Volume 2020 | Article ID 8899658 | https://doi.org/10.1155/2020/8899658

A Case of Sclerosing Mesenteritis during Etanercept Therapy for Psoriatic Arthritis

Aleksandra Bukiej¹

Academic Editor: Mario Salazar-Paramo

Received29 May 2020

Accepted24 Jun 2020

Published13 Jul 2020

Abstract

Sclerosing mesenteritis (SM) is a chronic nonspecific mesenteric inflammation. I report a case of a 72-year-old male treated with etanercept for psoriatic arthritis for 7 years who developed abdominal discomfort, urinary retention, acute kidney injury, and bilateral ureteric obstruction. CT abdomen revealed retroperitoneal mass. Biopsy showed sclerosing mesenteritis. One year later, after discontinuation of etanercept, CT abdomen showed regression of the mass. To my knowledge, this is first case report of reversible sclerosing mesenteritis associated with etanercept therapy.

1. Introduction

Sclerosing mesenteritis is a chronic, nonspecific, inflammatory, and fibrotic process involving the small bowel mesentery with varying degrees of fibrosis, inflammation, and fat necrosis [1]. To my knowledge, this is first case report of sclerosing mesenteritis associated with etanercept therapy.

2. Case Report

A 72-year-old man presented with a two-month history of weight loss, worsening abdominal discomfort, fatigue, and acute onset of oliguria.

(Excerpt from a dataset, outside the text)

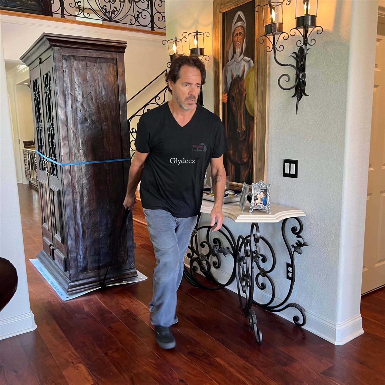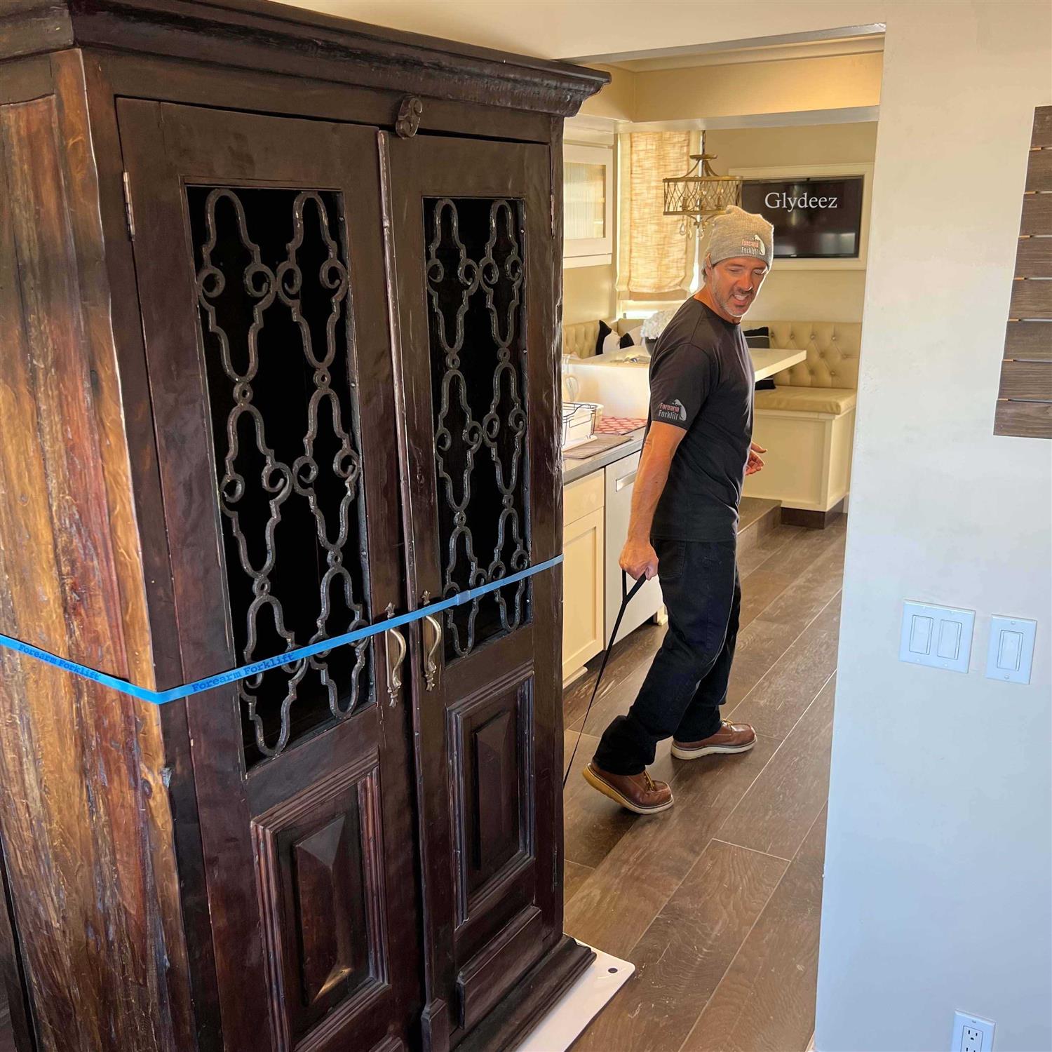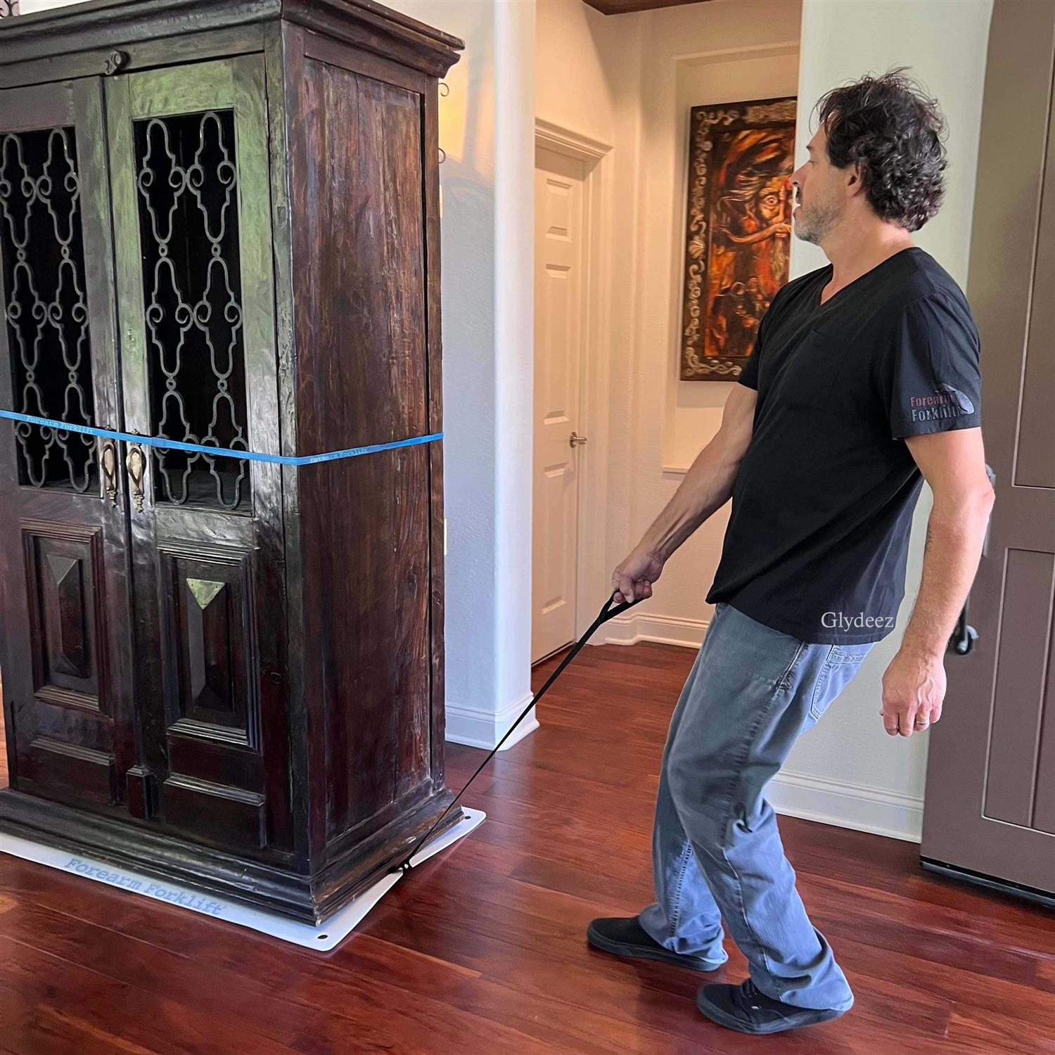 Forearm Forklift Glydeez now with a pull strap for easy use from a more upright position. Glydeez is a giant high-quality appliance glider thats perfect for sliding furniture and appliances if you’re by youself. This huge heavy duty mat is 48 x 29-7/8. It’s extremely durable because it’s made with impact resistant, thick, high-grade plastic. Protect hardwood or vinyl floors against scratches, gouges, tears or roller marks that can occur when sliding large appliances or furniture. Long lasting, convenient and ergonomic. The handle is 5 inches wide x 2 inches deep, so you can fit your hand through with ease, even with a glove on. Move your refrigerator, oven, dishwasher, stove, washer, dryer, china cabinet, entertainment center, dresser, wall locker or any other furnishing or appliance. Also great for toolboxes on a service call, unloading machines, etc.

The patient has had a history of psoriasis for forty years treated with topical steroids and tacrolimus. Eight years prior to this event, he was diagnosed with psoriatic arthritis with peripheral involvement. He was first treated with naproxen followed by the addition of methotrexate during the next 8 months. Because of liver toxicity, methotrexate was discontinued. Etanercept 50 mg weekly was given for the next 7 years, and his disease was well controlled.

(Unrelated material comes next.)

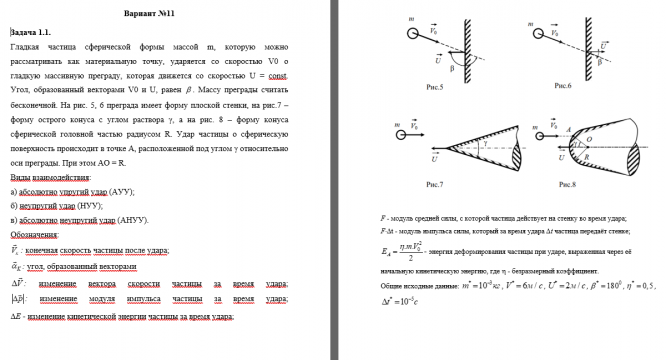 Показать/скрыть дополнительное описаниеЗадача 1.1. Гладкая частица сферической формы массой m, которую можно рассматривать как материальную точку, ударяется со скоростью V0 о гладкую массивную преграду, которая движется со скоростью U = const. Угол, образованный векторами V0 и U, равен . Массу преграды считать бесконечной. На рис. 5, 6 преграда имеет форму плоской стенки, на рис.7 – форму острого конуса с углом раствора γ, а на рис. 8 – форму конуса сферической головной частью радиусом R. Удар частицы о сферическую поверхность происходит в точке А, расположенной под углом γ относительно оси преграды. При этом АО = R. Виды взаимодействия: а) абсолютно упругий удар (АУУ); б) неупругий удар (НУУ); в) абсолютно неупругий удар (АНУУ).

He was also treated with allopurinol and probenecid for gout and with losartan for hypertension. On examination, he had bilateral flank tenderness, and the rest of the examination was unremarkable. His lab investigations showed Hg 11.5 gm/dl, WBC 8.29 per microliter, platelets 312 per microliter, urea 76 mg/dl, and creatinine 12.4 mg/dl. Urine examination was unremarkable and negative for Bence Jones protein. The C-reactive protein (CRP) was 100 mg/l. A computed tomography (CT) scan revealed diffuse hyperattenuation throughout the retroperitoneum and mesentery and bilateral mild hydronephrosis, with dilated ureters proximally thought to be due to retroperitoneal fibrosis (Figure 1). Bilateral ureteric stenting was performed resulting in good urine output, the kidney function improved, and repeat kidney parameters were normal. A laparoscopic biopsy was performed, which showed nonspecific inflammatory changes without granuloma or neoplastic cells (Figure 2). Immunoglobulin class 4 in the serum was normal. Etanercept was stopped, and a systemic steroid, prednisone 1 mg/kg, was recommended. The patient refused treatment with prednisone due to concern for side effects. Despite this, one year later, his CT scan showed marked improvement in the retroperitoneal mass (Figure 1). The patient denied arthralgias, and his inflammatory markers were normal as was his serum creatinine.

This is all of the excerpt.